Ещё был сержант Громов — последний из служивших два года, а не полтора, как мы и наши дедушки. Молодой Кащей, усталый, злой, горбоносый, с вытянутым подбородком, он поучал:

— Когда вернётесь на гражданку…

— Если вернётесь! — перебивал его Иванов.

— Су-кá!.. — огрызался Громов, ставя ударение именно на второй слог. — Чё, неймётся, Иваныч? Дай мысль кончить!.. Когда вернётесь, вам с этими вашими друзьями, кто там остался, уже неинтересно будет. Вы на другом уровне будете, ясно?..

Мы вяло кивали. Каждому из нас больше всего хотелось проснуться и забыть армию как дурной сон. Но каждое утро она упорно становилась явью. Я всегда просыпался за пять-десять минут до крика дневального «Рота, подъём!» Это были последние несколько минут тишины перед очередным днём, не предвещавшим ничего хорошего. По команде «Подъём» мы должны были сорваться с коек и построиться. Если это происходило недостаточно быстро, давали команду «Отбой», и мы должны были лечь назад в постели. Потом снова «Подъём». И так много раз, до тех пор, когда сержанты не были полностью удовлетворены скоростью нашего пробуждения.

После одного такого подъёма я не обнаружил на построении обеих своих рукавиц. Кулак будто чувствовал — заметил почти сразу.

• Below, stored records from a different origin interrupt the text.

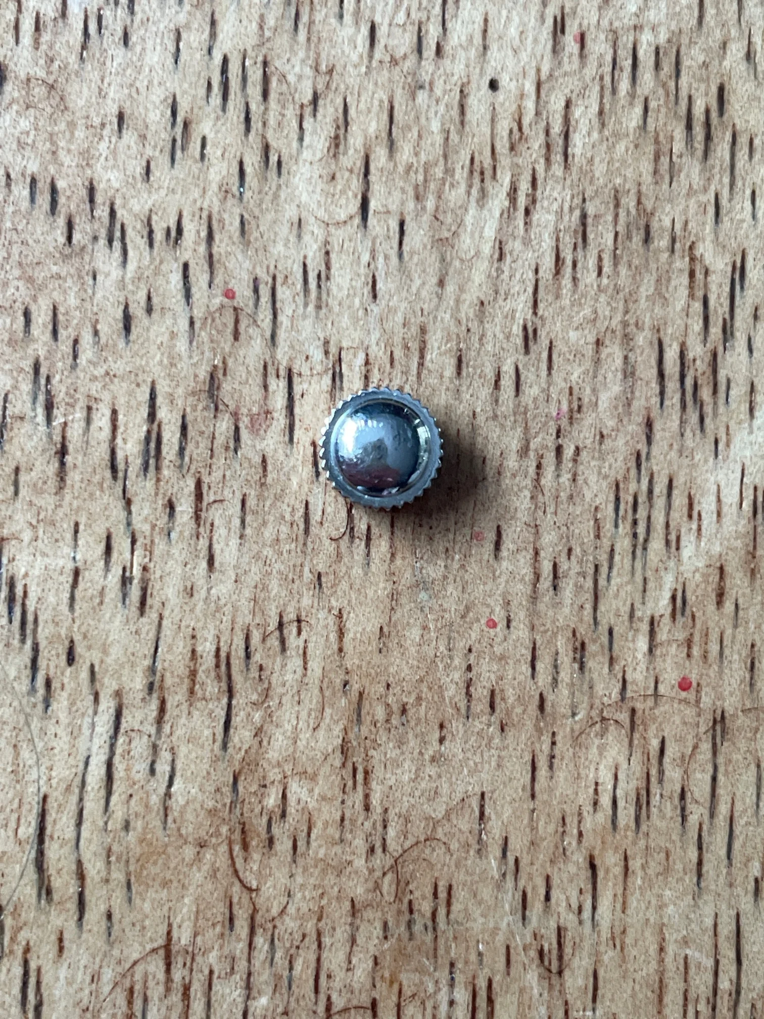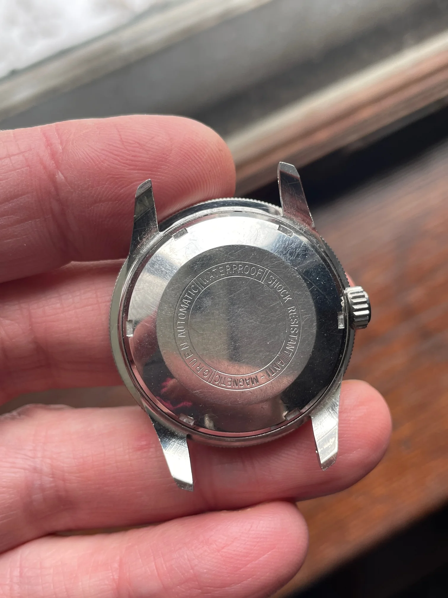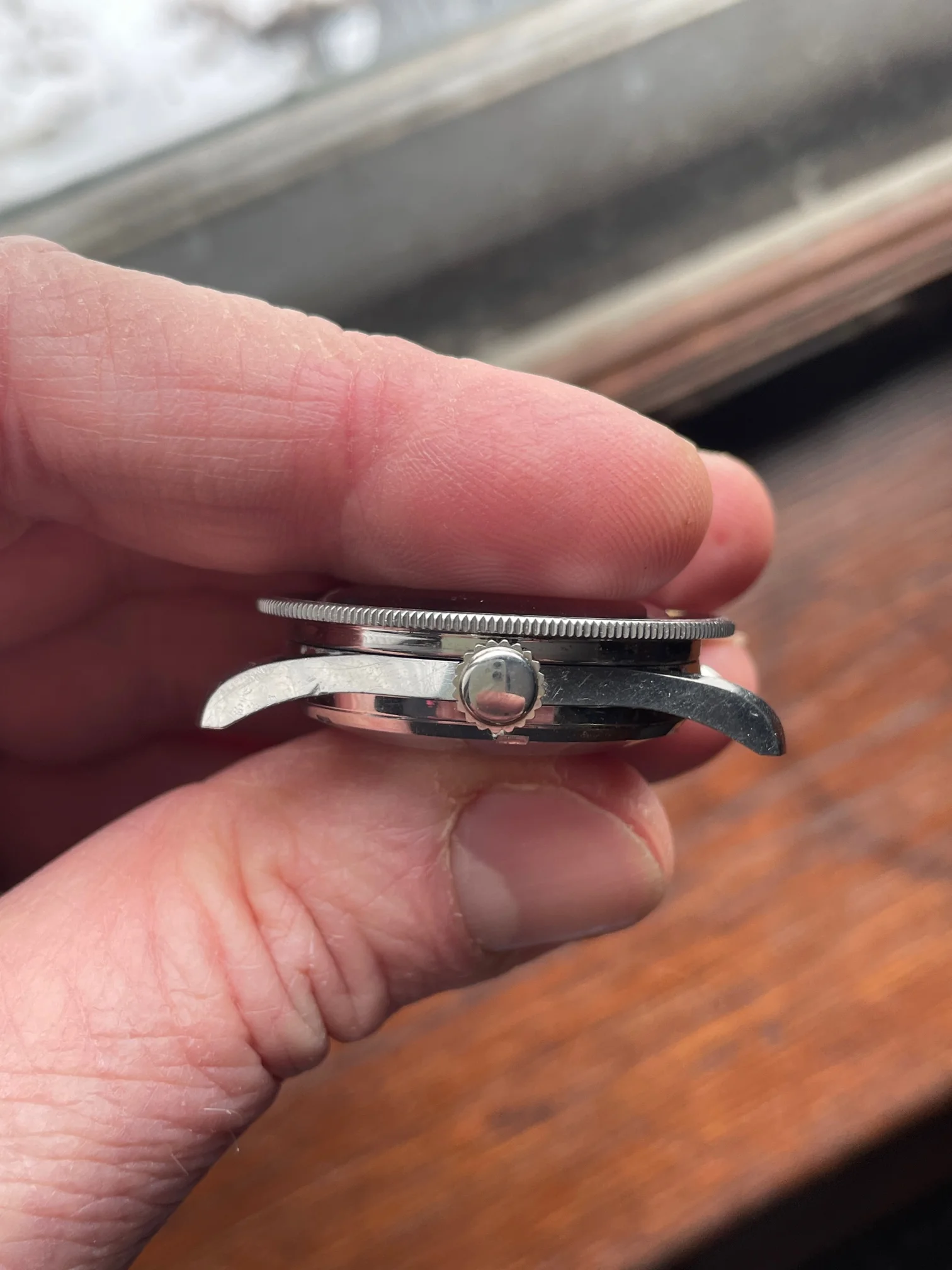 CASE: 39mm steel case still has sharp lines and doesn't appear to have been polished. The crown rotates bidirectionally, and has a few scuffs, but (imo) still looks presentable. The crystal and crown were replaced during service, the former because of a crack, the latter because the inner gasket was stripped and couldn't be replaced (it doesn't have o-ring gaskets, but instead a sheath). Both crystal and crown will be included with the watch.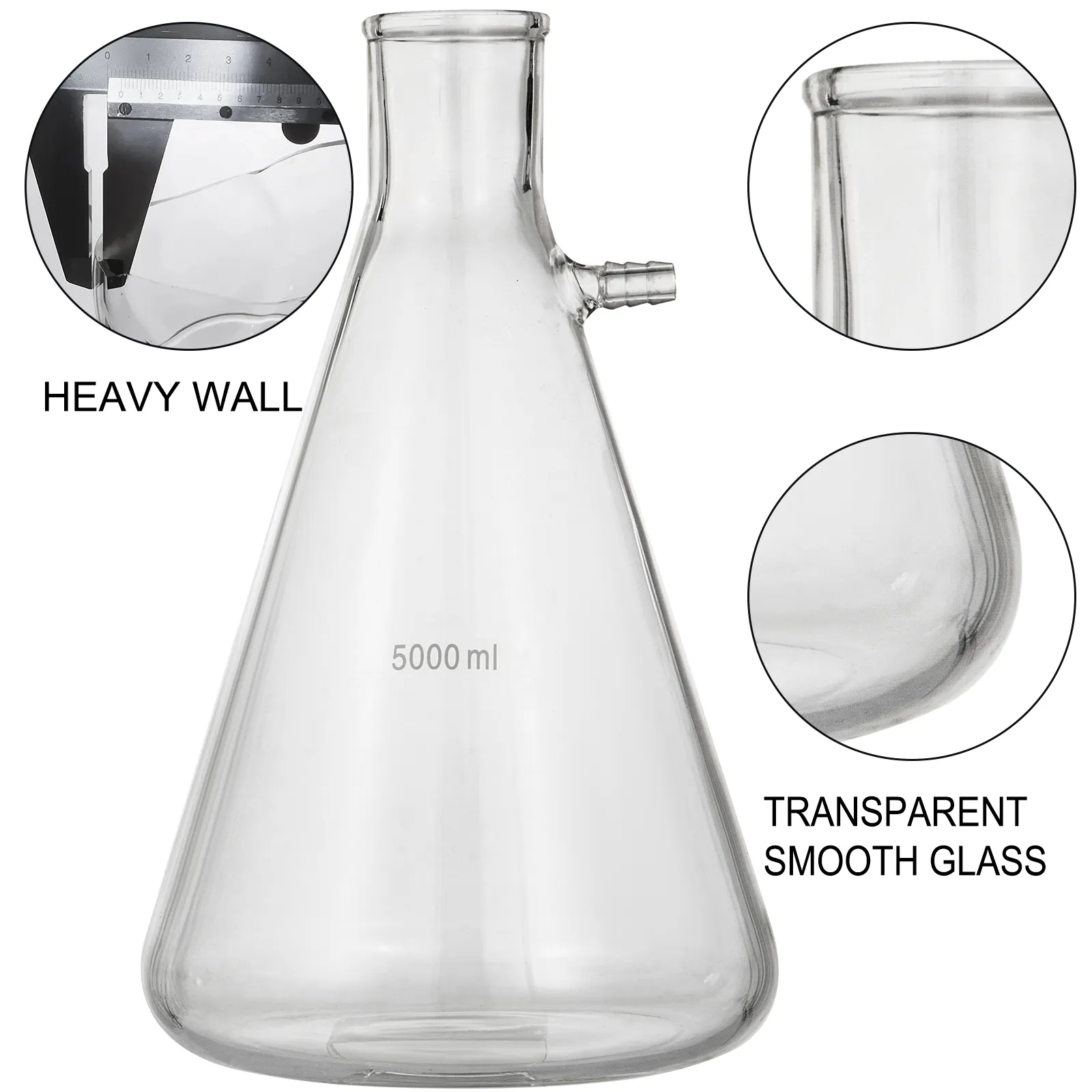 El matraz de filtro está hecho de vidrio de borosilicato de alta resistencia con un espesor de pared uniforme y estabilidad a altas temperaturas, suave y sin burbujas.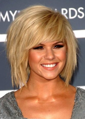 - Aurora. Such a haircut will look advantageous with any face shape except round. As for the bangs, here is a side option. Length in this case does not play a decisive role.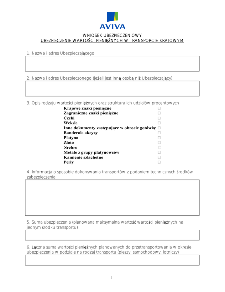 WNIOSEK UBEZPIECZENIOWY UBEZPIECZENIE WARTO CI PIENI NYCH W TRANSPORCIE KRAJOWYM 1. Nazwa i adres Ubezpieczaj cego 2. Nazwa i adres Ubezpieczonego (je eli jest inn osob ni Ubezpieczaj cy) 3. Opis rodzaju warto ci pieni nych oraz struktura ich udzia ów procentowych Krajowe znaki pieni ne Zagraniczne znaki pieni ne Czeki Weksle Inne dokumenty zast puj ce w obrocie gotówk Banderole akcyzy Platyna oto Srebro Metale z grupy platynowców Kamienie szlachetne Per y 4. Informacja o sposobie dokonywania transportów z podaniem technicznych rodków zabezpieczenia 5. Suma ubezpieczenia (planowana maksymalna warto jednym rodku transportu) warto ci pieni nych na 6. czna suma warto ci pieni nych planowanych do przetransportowania w okresie ubezpieczenia w podziale na rodzaj transportu (pieszy, samochodowy, lotniczy) 1 7. Data pocz tku okresu ubezpieczenia Data ko ca okresu ubezpieczenia 8. Trasy przewozów (prosz poda najcz ciej wykorzystywane trasy) 9. Informacja o osobach lub firmach dokonuj cych transportu Dotychczasowy przebieg szkodowy Prosimy poda dane o szkodach w ci gu ostatnich 5 lat, zgodnie z podan tabel . UWAGA: Prosimy poda wszystkie szkody, niezale nie od tego czy zdarzenia by y obj te jakimkolwiek ubezpieczeniem. Data szkody Przyczyna szkody Wielko szkody Otrzymane odszkodowanie w przypadku braku miejsca prosimy za czy osobny wykaz szkód wiadczamy, e wszystkie informacje podane we wniosku s prawdziwe i przyjmujemy do wiadomo ci, e niniejszy wniosek wraz z wszystkimi innymi dostarczonymi przez nas informacjami mo e stanowi podstaw umowy ubezpieczenia oraz jej integraln cz . Podpisanie niniejszego wniosku nie zobowi zuje wnioskodawcy ani Avivy do zawarcia umowy ubezpieczenia. Data Podpis Ubezpieczaj cego 2

— Опять проебал? — лениво рыкнул он.

— У меня спиздили.

— Значит, проебал. Рожай.

На этот раз породить рукавицы оказалось куда сложнее. Никто их не продавал, да и денег у меня больше не было. Вечером я был всё ещё без рукавиц. Мы стояли на плацу, шла вечерняя поверка. Шёл снежок. Я втянул кисти рук в рукава. Кулак называл фамилии. Услышав свою, боец должен был изо всех сил кричать: «Я!» Иванов, нежась в моём воротнике, фланировал меж шеренг и развлекался, время от времени зажимая рот кому-то из солдат, чья фамилия подходила в списке. Так случилось и со мной.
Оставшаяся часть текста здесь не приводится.